WHAT YOU ARE ASKED TO DO: Output the listing exactly as written, apart from its pictures.

SUPPLIED MATERIAL below:

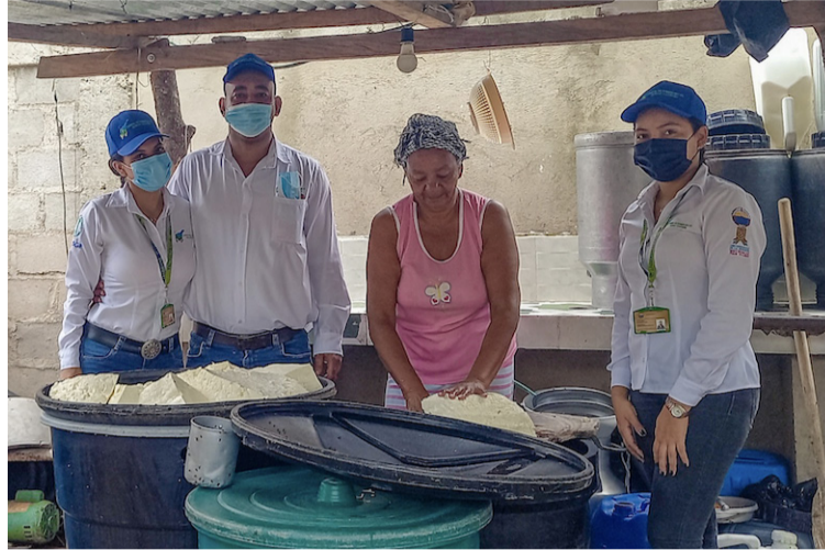
Se espera poder contribuir a la solución de problemas presentes en la cadena de valor de este producto.

“Son varios los avances que ha alcanzado el proyecto hasta el momento: la socialización e interacción con los actores que intervienen la cadena de suministro del queso costeño para conocer de primera mano una aproximación teórico-práctica de los procesos de producción, logística, comercialización y distribución en
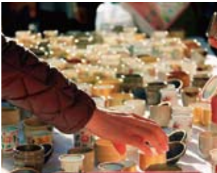
▲地酒と美濃焼のイメージ写真

地元の酒蔵と美濃焼メーカーがコラボした酒イベントを9月16日(土)～18日(月・祝)に多治見
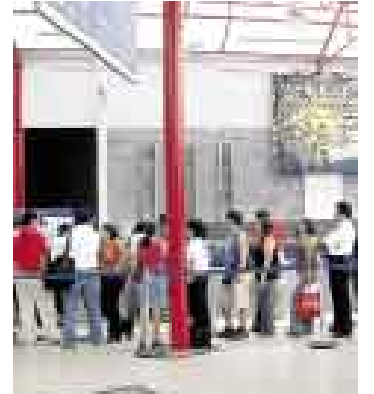
COLA. Muchos viajeros llegaron a destino tras largas horas de espera.
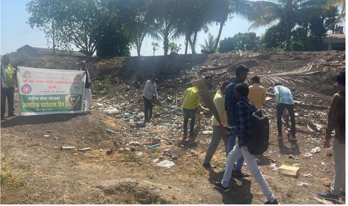
धरणातील प्लास्टिक कचरा संकलन करताना स्वयंसेवक

राष्ट्रीय सेवा योजना विभागाच्या वतीने दिनांक ५ जुन २०२३ रोजी जागतिक पर्यावरण दिनाच्या निमित्ताने फुलंब्री जवळच्या धरणातील प्लास्टिक कचरा संकलित करून धरण स्वच्छ करण्यात आले. यावेळी ४७ स्वयंसेवक, महाविद्यालयातील प्राध्यापक व कर्मचारी यांनी श्रमदानात सहभाग घेतला.
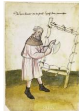
Fabricante de pergameos na casa de Nurembergaio redor do 1425.

http://upload.wikimedia.org/wikipedia/commons/8/8d/Christ_with_beard.jpg
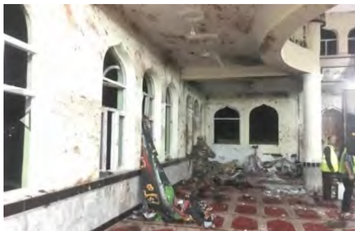
Destruction de la mosquée chiite Imam Zaman à Kaboul après l'explosion d'une ceinture piégée d'un terroriste de l'Etat islamique (Afghanistan Times, 21 octobre 2017)

réclamation de responsabilité, mais il a été rapporté dans les médias que l'attaque a été effectuée par un membre de l'Etat islamique appelé Abu Ammar al-Turkmani (Thinkprogress.org, 21 octobre 2017).
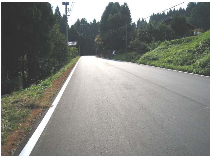
11. 上り その8 標高92m 勾配めっちゃきつい
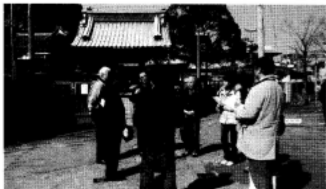
「高津区を知る」大山街道・戴めぐりグループ
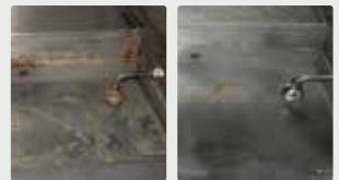
Placa de la parrilla
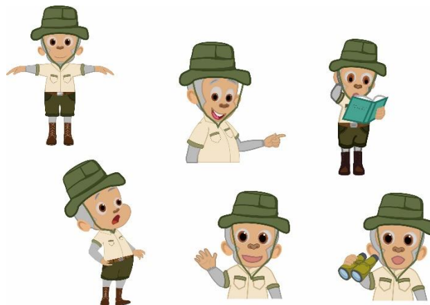
Gambar 3. Karakter/figur
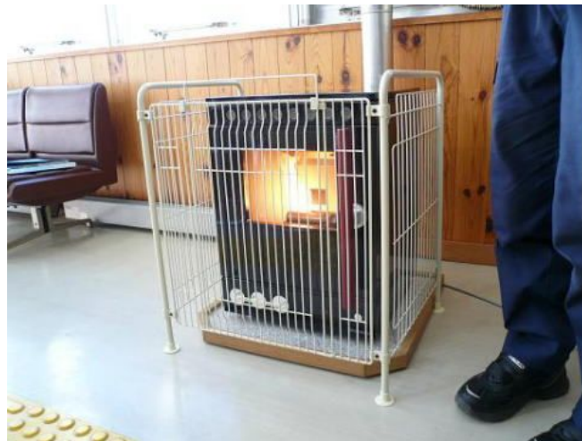
図 6-2 いわき東警察署(泉駅前交番)に設置されたペレットストーブ
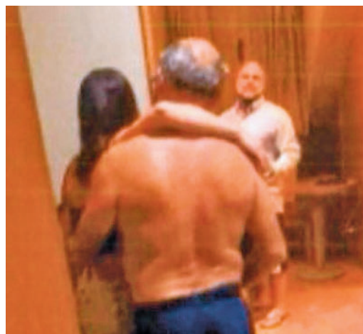
Una de las imágenes captadas del 'caso Mediator'

EL PERIÓDICO GENTE NO SE RESPONSABILIZA NI SE IDENTIFICA CON LAS OPINIONES QUE SUS LECTORES Y COLABORADORES EXPONGAN EN SUS CARTAS Y ARTÍCULOS
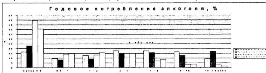
Рис. 2. Ежегодное потребление алкоголя по результатам исследований (%)

В первую модель логистической множественной регрессии в качестве детерминант вошли две переменные, характеризующие потребление (объем и частота), а также пол и возраст. Во вторую модель логистической множественной регрессии после исключения вклада объема потребления и частоты алкоголизации были введены ситуационные характеристики потребления (компания, место, время и повод выпивки).
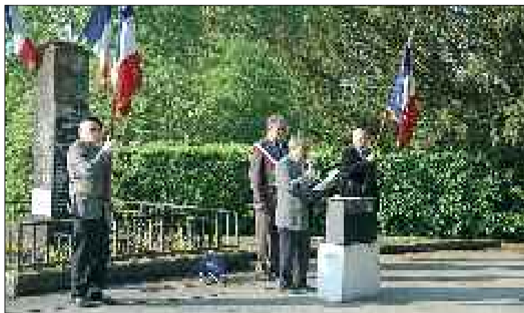
Lors de la lecture des messages
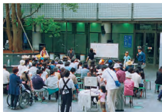
▲昨年のくすの木まつりの様子

GTのシンボル、くすの木に因んで毎年行われるGTプラザ商店会主催の「くすの木まつり」が、今年も左記の日程で開催されます。当日は、フォークソングや、恒例ビンゴゲーム、遊びコーナーなど、楽しい企画が沢山ありますのでお楽しみに。 日時 五月八日(日) 十三時～十六時 場所 GT広場 雨天の場合は中止となります。
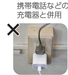
携帯電話などの 充電器と併用
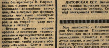
Продукция предприятия реализуется не только в нашей стране, но и экспортируется за границу.
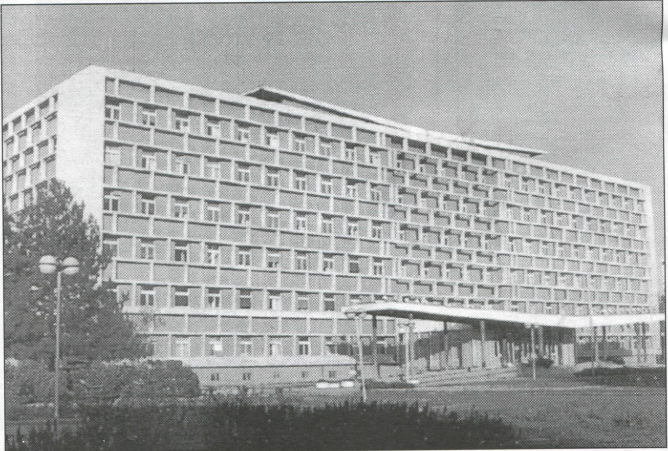
Анархија и безвлашће: зграда Скупштине града у рукама одавно распаднуте Коалиције „Заједно”

Непоштовање овог начела ствара несигурност. Типичан пример за ову тврдњу је програм а, нажалост, и освајање локалне власти у Крагујевцу сада одавно распаднуте коалиције „Заједно” која дословно каже: „преиспитаћемо новчана давања Београду, односно Републици Србији.”
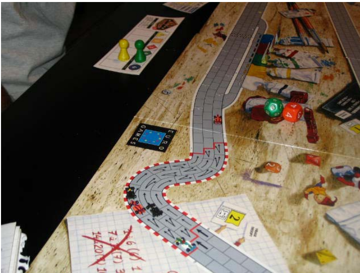
3) Fin du premier tour: les positions ne changent guère. L'autre pilote de Circus viendra se joindre au groupe après la prise de la photo.
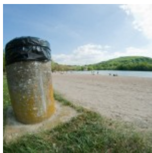
Samyang 8mm f/5.6

Recevez ma Lettre Photo quotidienne avec des conseils pour faire de meilleures photos : www.nikonpassion.com/newsletter
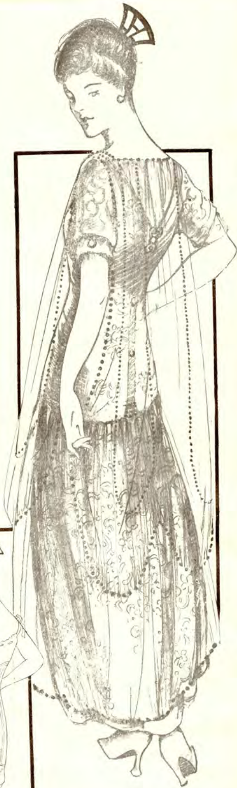
GOWN by MME. BAILEY CHICAGO

End of SUPPLIED MATERIAL.

RESULT OF THE TASK:
Se espera poder contribuir a la solución de problemas presentes en la cadena de valor de este producto.

“Son varios los avances que ha alcanzado el proyecto hasta el momento: la socialización e interacción con los actores que intervienen la cadena de suministro del queso costeño para conocer de primera mano una aproximación teórico-práctica de los procesos de producción, logística, comercialización y distribución en
▲地酒と美濃焼のイメージ写真

地元の酒蔵と美濃焼メーカーがコラボした酒イベントを9月16日(土)～18日(月・祝)に多治見
COLA. Muchos viajeros llegaron a destino tras largas horas de espera.
धरणातील प्लास्टिक कचरा संकलन करताना स्वयंसेवक

राष्ट्रीय सेवा योजना विभागाच्या वतीने दिनांक ५ जुन २०२३ रोजी जागतिक पर्यावरण दिनाच्या निमित्ताने फुलंब्री जवळच्या धरणातील प्लास्टिक कचरा संकलित करून धरण स्वच्छ करण्यात आले. यावेळी ४७ स्वयंसेवक, महाविद्यालयातील प्राध्यापक व कर्मचारी यांनी श्रमदानात सहभाग घेतला.
Fabricante de pergameos na casa de Nurembergaio redor do 1425.

http://upload.wikimedia.org/wikipedia/commons/8/8d/Christ_with_beard.jpg
Destruction de la mosquée chiite Imam Zaman à Kaboul après l'explosion d'une ceinture piégée d'un terroriste de l'Etat islamique (Afghanistan Times, 21 octobre 2017)

réclamation de responsabilité, mais il a été rapporté dans les médias que l'attaque a été effectuée par un membre de l'Etat islamique appelé Abu Ammar al-Turkmani (Thinkprogress.org, 21 octobre 2017).
11. 上り その8 標高92m 勾配めっちゃきつい
「高津区を知る」大山街道・戴めぐりグループ
Placa de la parrilla
Gambar 3. Karakter/figur
図 6-2 いわき東警察署(泉駅前交番)に設置されたペレットストーブ
Una de las imágenes captadas del 'caso Mediator'

EL PERIÓDICO GENTE NO SE RESPONSABILIZA NI SE IDENTIFICA CON LAS OPINIONES QUE SUS LECTORES Y COLABORADORES EXPONGAN EN SUS CARTAS Y ARTÍCULOS
Рис. 2. Ежегодное потребление алкоголя по результатам исследований (%)

В первую модель логистической множественной регрессии в качестве детерминант вошли две переменные, характеризующие потребление (объем и частота), а также пол и возраст. Во вторую модель логистической множественной регрессии после исключения вклада объема потребления и частоты алкоголизации были введены ситуационные характеристики потребления (компания, место, время и повод выпивки).
Lors de la lecture des messages
▲昨年のくすの木まつりの様子

GTのシンボル、くすの木に因んで毎年行われるGTプラザ商店会主催の「くすの木まつり」が、今年も左記の日程で開催されます。当日は、フォークソングや、恒例ビンゴゲーム、遊びコーナーなど、楽しい企画が沢山ありますのでお楽しみに。 日時 五月八日(日) 十三時～十六時 場所 GT広場 雨天の場合は中止となります。
携帯電話などの 充電器と併用
Продукция предприятия реализуется не только в нашей стране, но и экспортируется за границу.
Анархија и безвлашће: зграда Скупштине града у рукама одавно распаднуте Коалиције „Заједно”

Непоштовање овог начела ствара несигурност. Типичан пример за ову тврдњу је програм а, нажалост, и освајање локалне власти у Крагујевцу сада одавно распаднуте коалиције „Заједно” која дословно каже: „преиспитаћемо новчана давања Београду, односно Републици Србији.”
3) Fin du premier tour: les positions ne changent guère. L'autre pilote de Circus viendra se joindre au groupe après la prise de la photo.
Samyang 8mm f/5.6

Recevez ma Lettre Photo quotidienne avec des conseils pour faire de meilleures photos : www.nikonpassion.com/newsletter
GOWN by MME. BAILEY CHICAGO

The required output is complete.